I might recommend, you will have time to buy the chair a beer, which MAY also elevate the standing of YOUR motion, so there is more motion on your motion after the debate on the debate is complete.

GOT IT????????

GOOD!!  Now, get my beer!!!  


THANK-YOU!


----------



## Jarheaded (Jun 9, 2008)

Oh cwap, It's still going on.


----------



## DocStram (Jun 9, 2008)

> _Originally posted by Jarheaded_
> 
> Oh cwap, It's still going on.



Is it just me?  Or, has Johnnie been sounding a lot like Elmer Fudd lately???


----------



## Mudder (Jun 9, 2008)

> _Originally posted by fernhills_
> 
> 
> 
> Thanks, you made my point. Carl



While some folks feel it is bad manners to publicly correct the spelling and grammar mistakes of others there are also those who feel that it is also bad manners to subject your fellow forum members to such poor spelling, grammar and punctuation. I guess it has a lot to do with what side of the fence you find yourself on. I'm also quite sure that someone will chime in with "If you don't like what I have to say you don't have to read it". And for that my reply would be "right back at ya!"


Have a sparkling day!


----------



## alamocdc (Jun 9, 2008)

> _Originally posted by Ron in Drums PA_
> 
> 
> 
> ...



I've tried to stay out of this, but as an educator who once taught in the public school system (and as the spouse of someone who still does) I just can't hold my tongue... er, fingers any longer. I agree with both of you actually, but from a slightly different angle. It IS the parent's fault, primarily, and the schools don't help much. But how can they?
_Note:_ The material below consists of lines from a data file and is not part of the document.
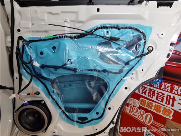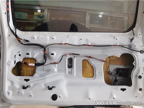 改装技师用大白鲨金鲨JS300减震胶,将车门的表里两层钣金板都做了隔音止震处理,加厚门板的厚度,一起将车门的孔洞进行密封,将车门构成一个密封的箱体,不只根绝了风噪的传入,还避免了喇叭与车门板的共振,音响器材的音质也得到了提高。
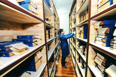 3月13日,在陕西省西安碑林博物馆,古籍库管理员在整理古籍。陕西省人民政府日前通过网络对《陕西省珍贵古籍名录》的首批入选书目进行公示。为有效加强珍贵古籍的保护力度,陕西省自2011年开始正式启动《陕西省珍贵古籍名录》申报工作,截至2012年初,陕西省29家古籍存藏单位申报了1092部古籍。经陕西省古籍保护中心初审、专家组复审和陕西省古籍保护专家委员会表决,共有409部古籍入选第一批《陕西省珍贵古籍名录》。 新华社记者 丁海涛摄
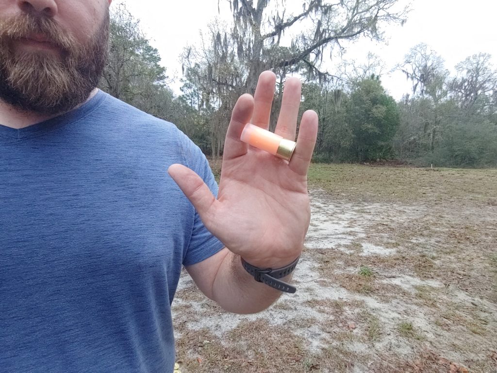 The trick to the shotgun belt reload is a good firm grip as you remove the shells from the belt. Once the retention gives, it’s like letting go of a tug of war rope mid-match. A loose grip might send a shell flying out of your hand. If this does occur, let the shell fly and load the other round still in your hand.
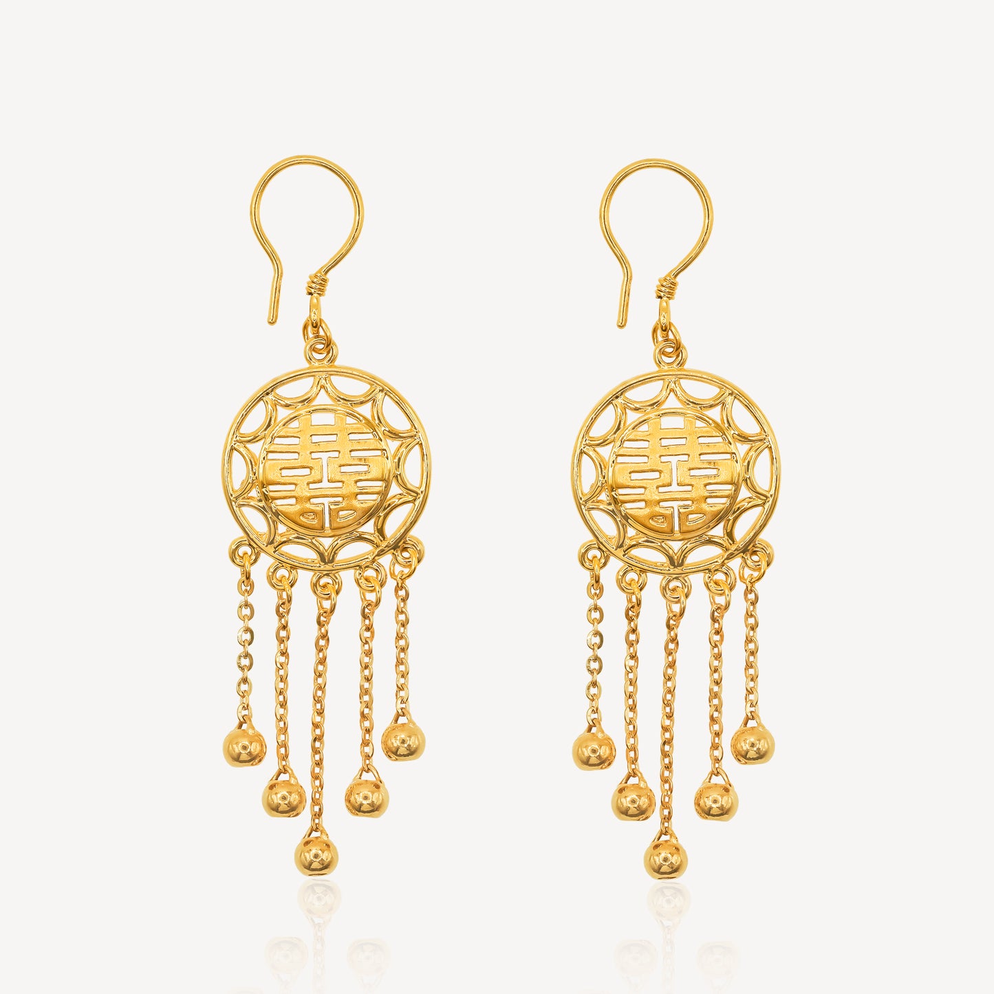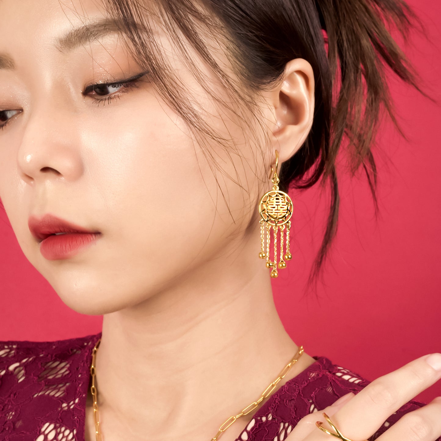 这款优雅的婚礼囍耳环采用优质999黄金打造,是您大喜之日的完美配饰。精致的囍字图案象征着双喜临门和好运连连,是任何婚礼造型的点睛之笔。佩戴这款令人惊艳的耳环,展现您的时尚品味,传递您的祝福。
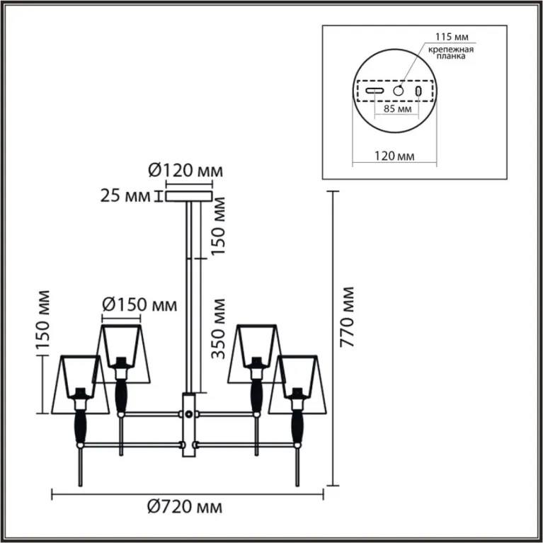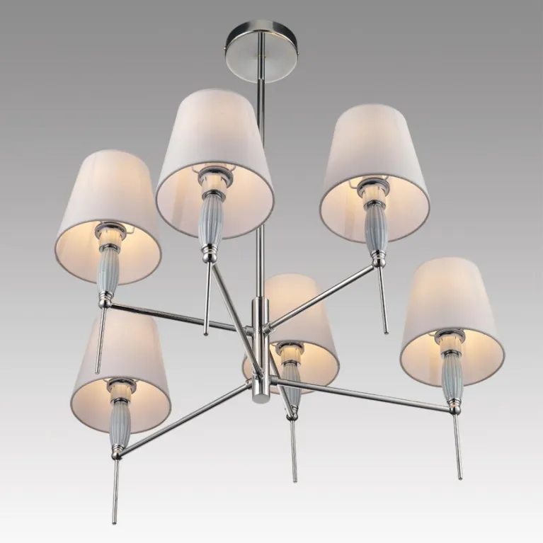Преобладающий цвет плафонов: Серый, арматуры: Хром; материал изготовления арматуры: Металл, размеры, мм: / высота 770 / диаметр 720. Общая мощность – 240 Ватт. Основной тип ламп, предусмотренный производителем: Накаливания с цоколем E14. В зависимости от предпочтений можно использовать лампы теплового, холодного или нейтрального света, за исключением люстр с типом цоколя LED.
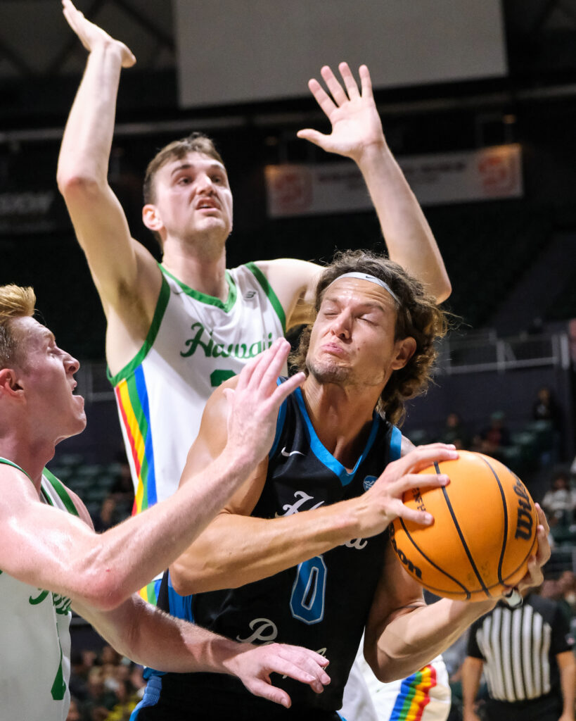 Hawai’i grad transfer center Isaac “Big Fish” Johnson (top) was 10-for-10 from the free throw line in Monday’s 88-76 victory over Hawai’i Pacific. (Brandon Flores Photography)
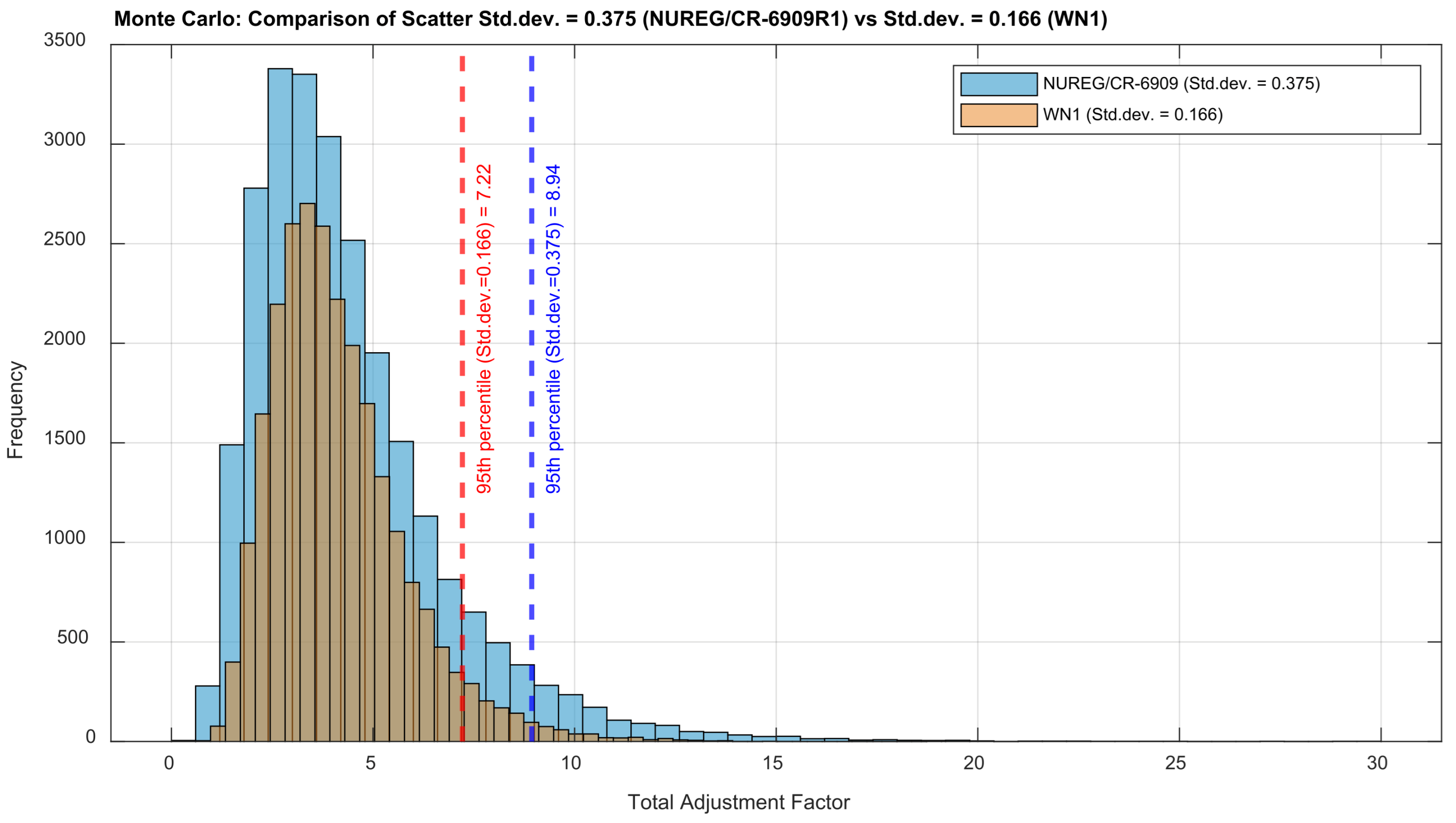 | Scatter of data (including material variability) | 2.0 | 2.1 (Std. dev. 0.375) | 1.8 (Std. dev. 0.166) |
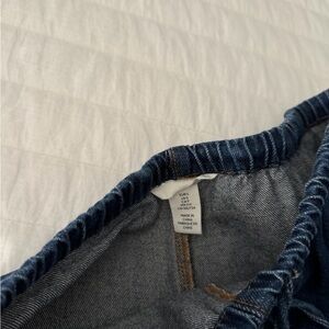 Stylish dark blue denim shorts with an elastic waistband and drawstring.
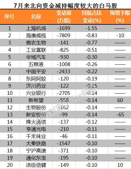 而值得注意的是,东方财富Choice数据显示,对于白马龙头股,7月以来北向资金却进行了大幅减持,7月以来,有20股持股占流通股比例减少0.1%。
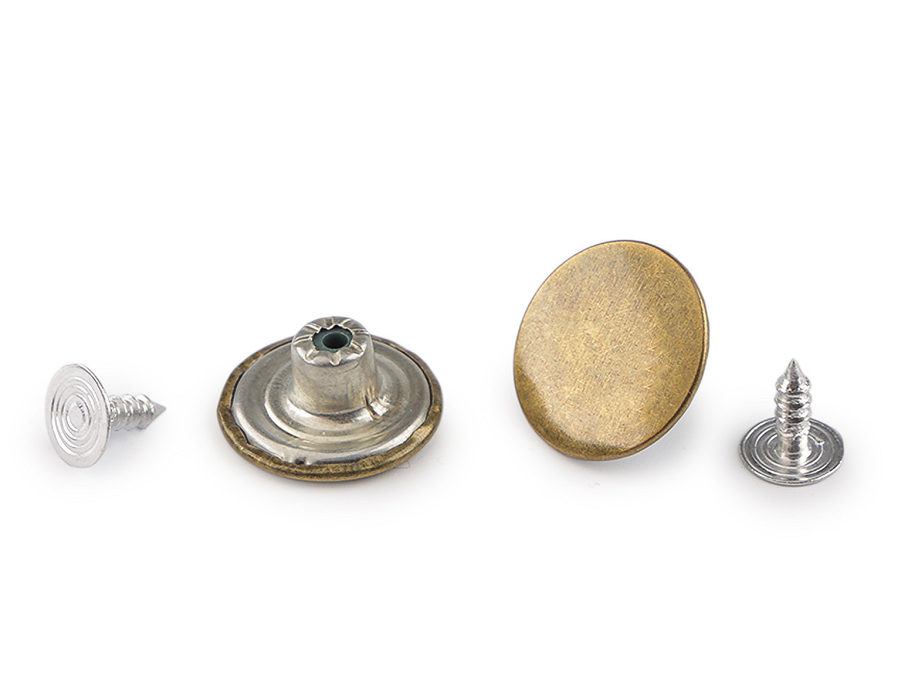 Kovový riflový knoflík Jeans je ideální volbou pro opravu nebo výrobu džín, sukní, šatů, bund i vest. Knoflík se skládá ze dvou částí, které do sebe snadno narážíte například kladivem – žádné šití není potřeba. Díky délce nýtu 7,7 mm je vhodný pro silnější materiály, typické pro denim. Knoflík je pevný, odolný a zajišťuje dlouhou životnost vašeho oblečení. Vsaďte na jednoduchou montáž a univerzální použití.
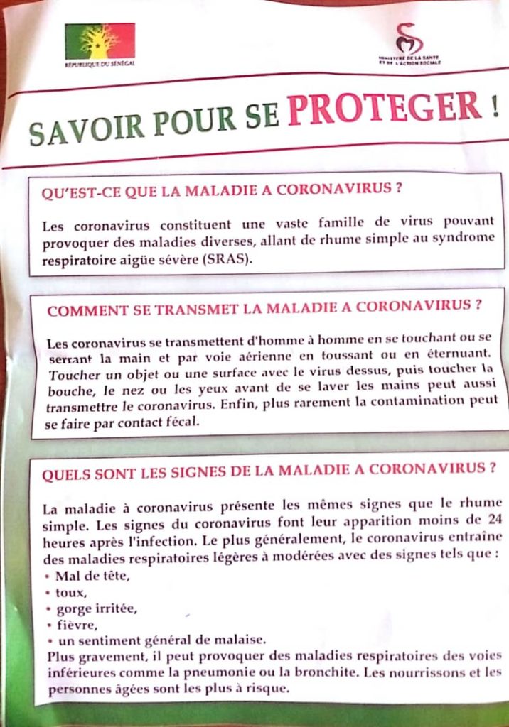 Ledakarois221- Comme nous l'avons tantôt annoncé, le Sénégal enregistre son premier cas de Coronavirus. Des dispositions ont été prises pour prévenir et se protéger de cette maladie
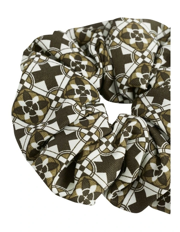 Tie your hair back in style with this geo-print scrunchie. Designed to match our apparel, it has an elastic interior and a print fabric outer.
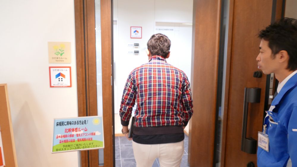 ここはなんと電気で温めたお部屋とガスで温めた部屋を比較できる展示スペース!一部屋目は電気=空調で温めたお部屋です。

If the parents do not and will not hold their child accountable, how can the school system? I saw it with my students 20 years ago and I see it with LOML's nearly everyday... only it has gotten worse! Parents have to hold their children accountable. By and large teachers ARE teaching. Yes, there are a few who shouldn't be in the profession, but that's equally true of all professions. It's just that the few we have in the fields of teaching and let's say law enforcement have more visibility. I was one of those who didn't belong in law enforcement and after 3 years I recognized it and got out of the field. Granted I never over stepped my bounds, but it was clearly not the field for me. I just didn't have the "right stuff". But back to teaching. Anybody can stand up before a group of students and impart information, but this isn't teaching. And I can (and have) taught tried and proven teaching techniques to hundreds of would be educators. Does that mean that they can teach? Not in the slightest. Some imparters of information get lucky once in a while and actually reach a student. But a real teacher does it daily. It is a gift. Show me someone who is truly passionate about their field and I'll show you someone who can truly teach (given the tools, of course). Sorry for the rabbit chasing, but this is a subject near and dear to my heart. Anyway, learners have to be held accountable for there incation, as is usually the case. All too often the kids today just don't give a crap. They'd rather not do their work and then cry to mom & dad that the mean ol' teacher is picking on them. So again, how can the school system hold the student accountable for their own learning (or at least the attempt at learning) if parents won't?


----------



## rdunn12 (Jun 9, 2008)

I have read this post from front to back,you know what I have learned from it?Nothing!Not one thing!I will tell you in a nutshell what is wrong with kids and their learning to spell or anything else.It is discipline(punishment inflicted by way of correction and training),for those of you who don't really understand what that means.I have two kids in public school and I can say from what I have seen it is NOT the school system,or teachers that is causing kids to be the way they are,it is the parents.My kids know that,if they mess up,there will be a nice black leather belt waiting on them,and there won't be any time out crap.Well,o.k. time out WHACK.I see how parents are every day,how they baby them and tell them it's o.k.Well it is'nt o.k.A lot of parents don't believe in spanking their kids.Well I have seen how those who are'nt disciplined turn out,going into schools and killing kids.If I had done something like that(or even thought about it) I had better kill myself,if not my Dad would have done it.I don't think for one minute he would even hesitate to kill me dead for something like that.Sounds bad,but that's the way he is.And another thing,I was always taught that I am responsible for my actions and nobody else is.Everybody wants to blame someone else for their troubles.How about taking a step back and looking at yourself.O.k back to spelling.I mostly overlook spelling errors and keep reading,not really a big deal.Let's all make pens and marvel at how nice they are and forgive each other for our spelling mistakes.It makes me think no less of someone when they don't spell something right,it makes me remember we are all human.AND WE ALL MAKE MISTAKES.

Ronald


----------



## DocStram (Jun 9, 2008)

> _Originally posted by rdunn12_
> 
> I have read this post from front to back,you know what I have learned from it?Nothing!Not one thing!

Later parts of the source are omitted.